Exercise details: In the copy, include every entry exactly but none of its images.

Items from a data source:
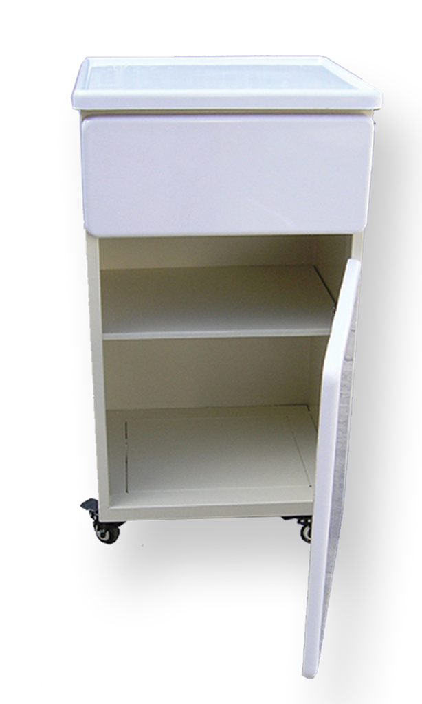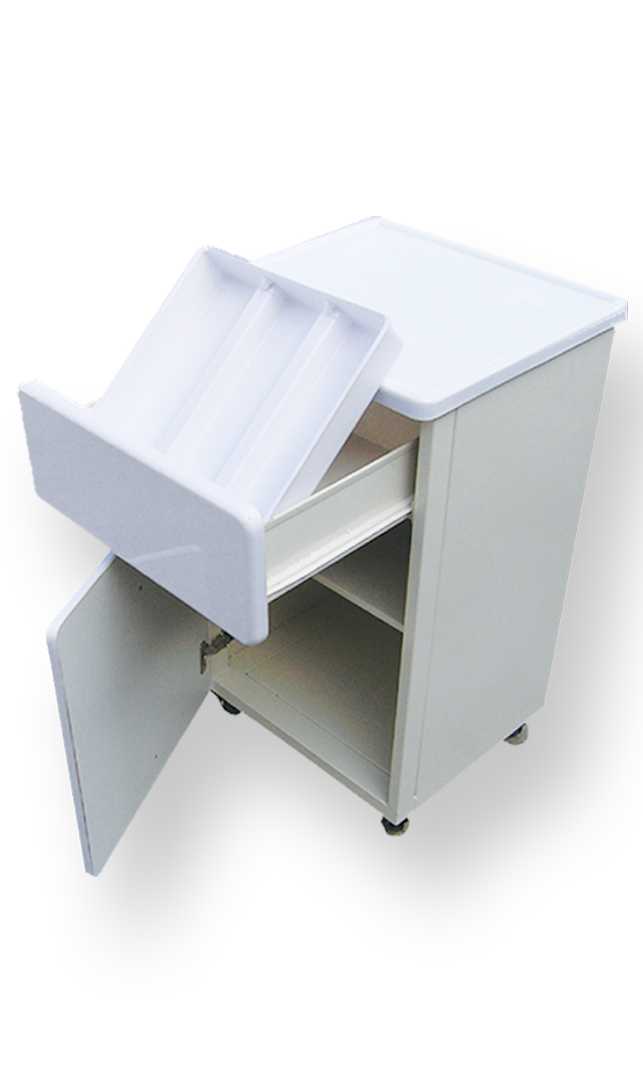 Noćni ormarić kompletno je izrađen od čeličnog lima završno zaštičenog plastifikacijom i NA ZAHTEV ANTIBAKTERIJSKIM PRAHOM EN 22196:2011 (samo bela RAL 9016)Gornja ploča izrađena je od polistirola (PS) i ima rub visine 15 mm koji onemogućava oticanje tečnosti usled eventualnog prosipanja.Vrata i maska fioke izrađena je univera obloženog polistirolom d= 3 mm sa prednje i bočne strane U donjem delu nalazi se pregrada od čeličnog lima koja stvara dva prostora. Prema novim standardima krila vrata i fioka ne poseduju ručice zbog vršenja dezinfekcije.Iz tog razloga postoji razmak od min 3 cm.između fioke i vrata čime se omogućuje otvaranje istih.Fijoka se lako skida sa klizača radi obavljanja čišćenja i dezinfekcijeOpciono postavaljanje gasnog amortizera na fioci kojim se ublažava udar i automatsko zatvaranje.Pokretljivost obezbeđuju točkovi sa kočnicom. Dimenzije:Širina 45 cm Dubina 42 cm Visina 78 cm
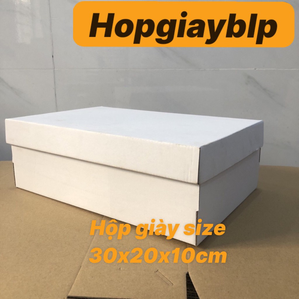 Bộ sản phẩm: HỘP GIÀY SIZE 30X20X10CM GIẤY TRẮNG.
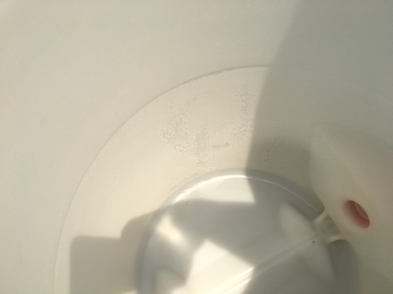 Ich habe ein meinem Speidel-Gärfass aus Kunststoff einen rauhen, weißen Belag. Vielleicht kann man das auf dem Foto erkennen. Zuerst dachte ich, der Kunsstoff ist angegriffen, aber das sieht eher wie ein Belag aus.
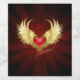 Bright red heart of an angel with golden wings shining in the dark radiant red background decorated with a pattern.
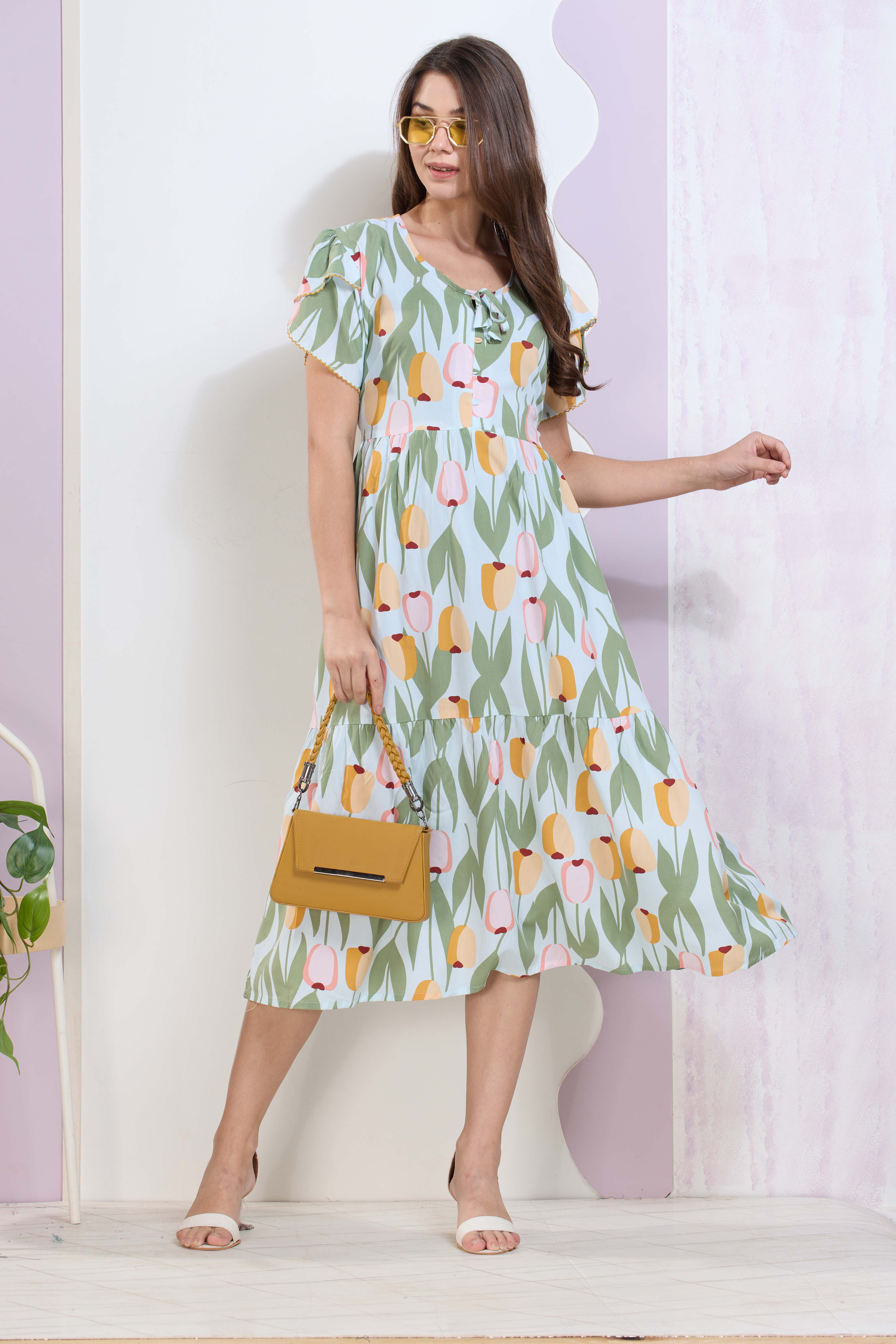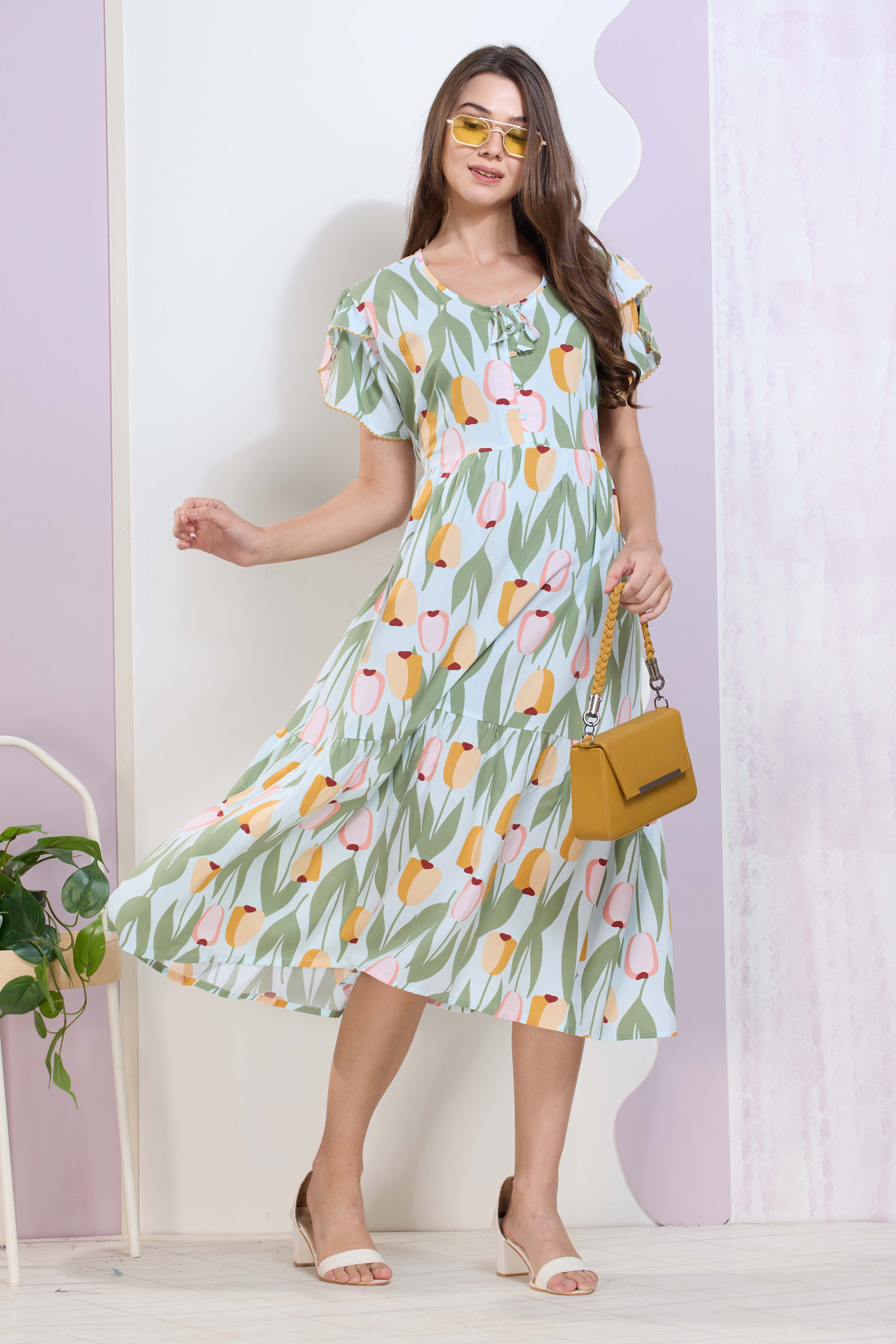 Imported Rayon MAXI FROCK Model Nighties | Fancy Petal Sleeve | Fancy Neck & Side Pocket | Pleated Frock MAXI Style | Trendy Collection's for Stylish Women & Teenage Girl (IRM)
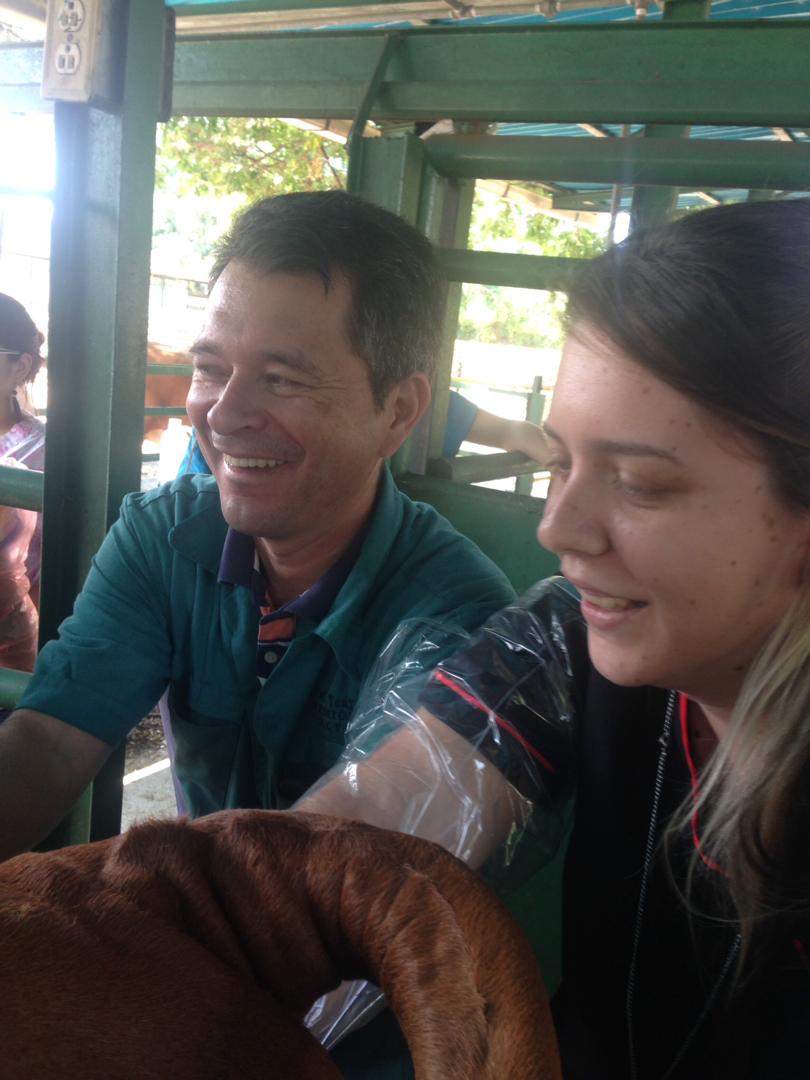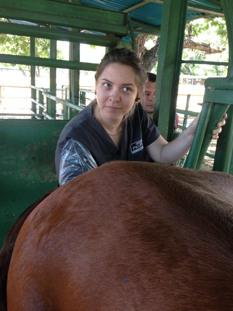 Here I am realizing a practice of Semiology, which consists of a rectal palpation that is a routine veterinary clinical practice of utmost importance, as we can detect any possible pathology in cattle or horses and determine pregnancies.
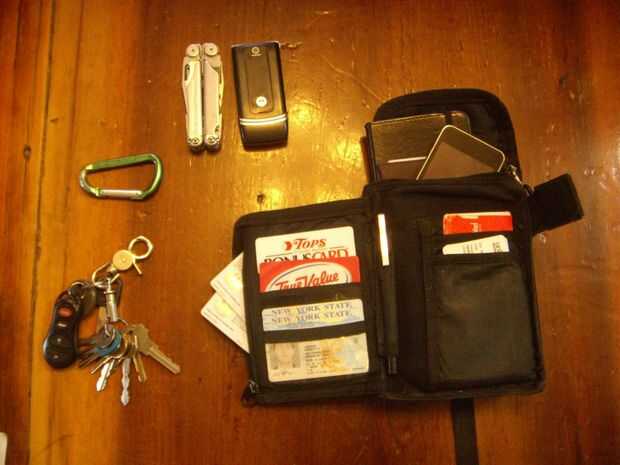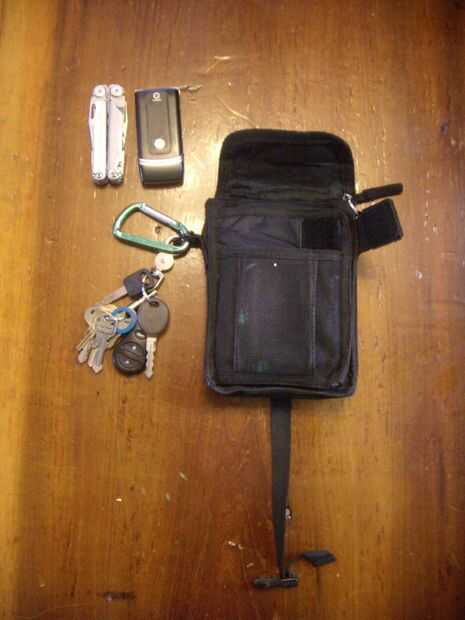 En la bolsa delantera de mis posibles es mi Leatherman y mi teléfono. Puedo sacar estos sin abrir nada.
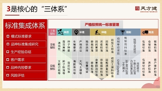天方健种植管理模式由3+4+5组成。就是三体系、四创新、五统一,这是一整套非常完整、立体的管理体系,从各个方面有力地保障种植管理模式的效果。以三体系为例,三体系包含了标准集成体系、生产运作体系、质量监控体系。其中,标准集成体系把种质、环境、种植、炮制、物流,分为1级指标、2级指标、3级指标,严格按照统一标准管理。以环境指标为例,对生态、产地、地块都有严格的要求,包括海拔降雨、大气土壤等等。
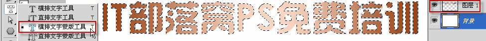 我们在PS工具箱中找到文字工具,里面有四种类型:横排文字工具、直排文字工具、横排文字蒙版工具、直排文字蒙版工具。其中前两个输入文字时,会自动建立一个文字图层,后面两个是在现有图层增加文字选区。
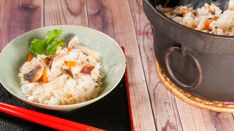にんじんやきのこなどの具材と焼いたあじをのせて炊飯します。

Output of the task:
 Noćni ormarić kompletno je izrađen od čeličnog lima završno zaštičenog plastifikacijom i NA ZAHTEV ANTIBAKTERIJSKIM PRAHOM EN 22196:2011 (samo bela RAL 9016)Gornja ploča izrađena je od polistirola (PS) i ima rub visine 15 mm koji onemogućava oticanje tečnosti usled eventualnog prosipanja.Vrata i maska fioke izrađena je univera obloženog polistirolom d= 3 mm sa prednje i bočne strane U donjem delu nalazi se pregrada od čeličnog lima koja stvara dva prostora. Prema novim standardima krila vrata i fioka ne poseduju ručice zbog vršenja dezinfekcije.Iz tog razloga postoji razmak od min 3 cm.između fioke i vrata čime se omogućuje otvaranje istih.Fijoka se lako skida sa klizača radi obavljanja čišćenja i dezinfekcijeOpciono postavaljanje gasnog amortizera na fioci kojim se ublažava udar i automatsko zatvaranje.Pokretljivost obezbeđuju točkovi sa kočnicom. Dimenzije:Širina 45 cm Dubina 42 cm Visina 78 cm
 Bộ sản phẩm: HỘP GIÀY SIZE 30X20X10CM GIẤY TRẮNG.
 Ich habe ein meinem Speidel-Gärfass aus Kunststoff einen rauhen, weißen Belag. Vielleicht kann man das auf dem Foto erkennen. Zuerst dachte ich, der Kunsstoff ist angegriffen, aber das sieht eher wie ein Belag aus.
 Bright red heart of an angel with golden wings shining in the dark radiant red background decorated with a pattern.
 Imported Rayon MAXI FROCK Model Nighties | Fancy Petal Sleeve | Fancy Neck & Side Pocket | Pleated Frock MAXI Style | Trendy Collection's for Stylish Women & Teenage Girl (IRM)
 Here I am realizing a practice of Semiology, which consists of a rectal palpation that is a routine veterinary clinical practice of utmost importance, as we can detect any possible pathology in cattle or horses and determine pregnancies.
 En la bolsa delantera de mis posibles es mi Leatherman y mi teléfono. Puedo sacar estos sin abrir nada.
天方健种植管理模式由3+4+5组成。就是三体系、四创新、五统一,这是一整套非常完整、立体的管理体系,从各个方面有力地保障种植管理模式的效果。以三体系为例,三体系包含了标准集成体系、生产运作体系、质量监控体系。其中,标准集成体系把种质、环境、种植、炮制、物流,分为1级指标、2级指标、3级指标,严格按照统一标准管理。以环境指标为例,对生态、产地、地块都有严格的要求,包括海拔降雨、大气土壤等等。
 我们在PS工具箱中找到文字工具,里面有四种类型:横排文字工具、直排文字工具、横排文字蒙版工具、直排文字蒙版工具。其中前两个输入文字时,会自动建立一个文字图层,后面两个是在现有图层增加文字选区。
にんじんやきのこなどの具材と焼いたあじをのせて炊飯します。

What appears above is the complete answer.